Maçkalıyım Maçkalı alırım iki karı,
Biri gider ahıra, biri yıkar kapları,
Maçka maçka ee maçka beni düşürdün aşka,
Bi karıdan ne çıkar, iki karı bambaşka,
Delikanlı karısı, iki tane olacak,
Birisi darıldımı öteki sarılacak,
Maçka maçka ee maçka beni düşürdün aşka,
Bi karıdan ne çıkar, iki kari bambaşka
Diskotek kumarhane kıyak hayat yaşadım,
Şükür olsun mevlama o karıyı boşadım,
Maçka maçka ee maçka beni düşürdün aşka
Bi karıdan ne çıkar iki kari bambaşka.
Sosyal medya da dolaşırken sözleri böyle olan bir şarkı videosu izledim. Şarkının sözleri, söyleyen kişi Tarık Tüfekçi’ye aitmiş. İlginçtir bu videoyu neredeyse bir milyona yakın kişi izlemiş ve yine ilginçtir ki, alttaki yorumlarda erkeklerin ağızları kulaklarına gelecek şekilde memnuniyetlerini dile getiren yorumlarla doluyken, bazı kadınların tepkisinin yanı sıra ne yazık ki, bazı kadınların da hızını alamayarak, ‘Maçkalıyım maçkalı alırım 20 karı’ diye yazabildiğini görebiliyorsunuz.

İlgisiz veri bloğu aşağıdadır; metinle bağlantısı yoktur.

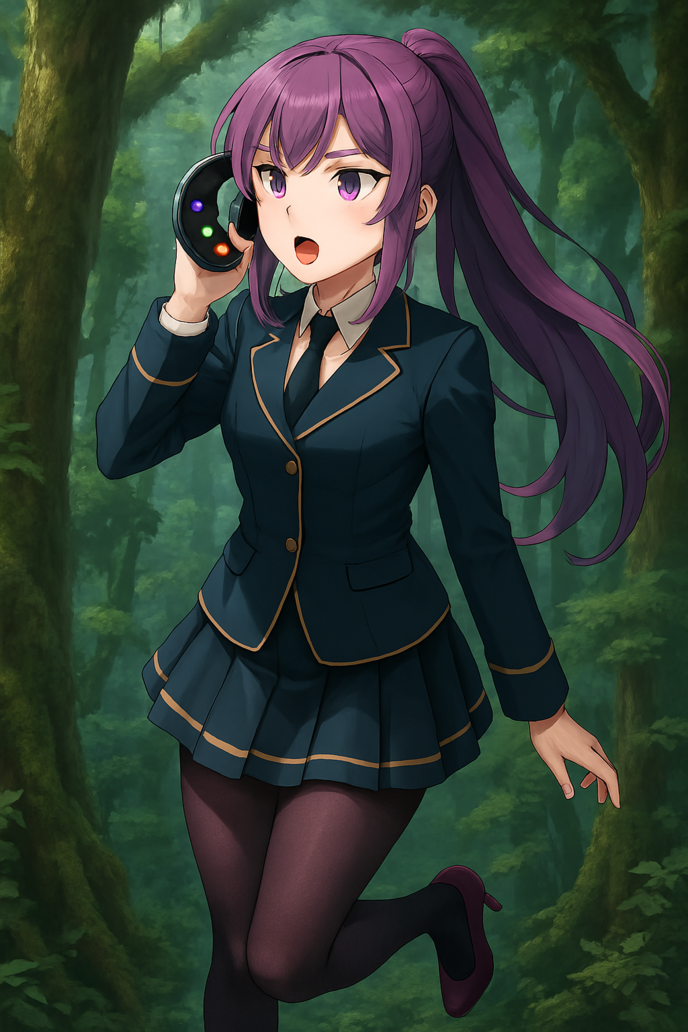 その森の奥に、上空を浮遊して下の木々を見下ろしながら魔道通信機を耳に当てている人物がいる!

Ha bu tür şarkılar ilk mi, elbette ki hayır, son olur mu? Bu tartışılır. Çünkü bizim gibi toplumlarda gözünü açtığından itibaren kadın ve erkeğe biçilen roller hemen ortaya konuyor. Kadına doğuştan itibaren cinsiyetçi ve ötekileştirici yaklaşım ve davranış sergileniyor. Dolayısıyla bunlar şarkılara, şiirlere söylemlere, hatta yasalara yansıtılarak çizgi daha da belirginleştiriliyor. ‘İstanbul Sözleşmesi’ ile ilgili tartışmalarda böyle değil midir?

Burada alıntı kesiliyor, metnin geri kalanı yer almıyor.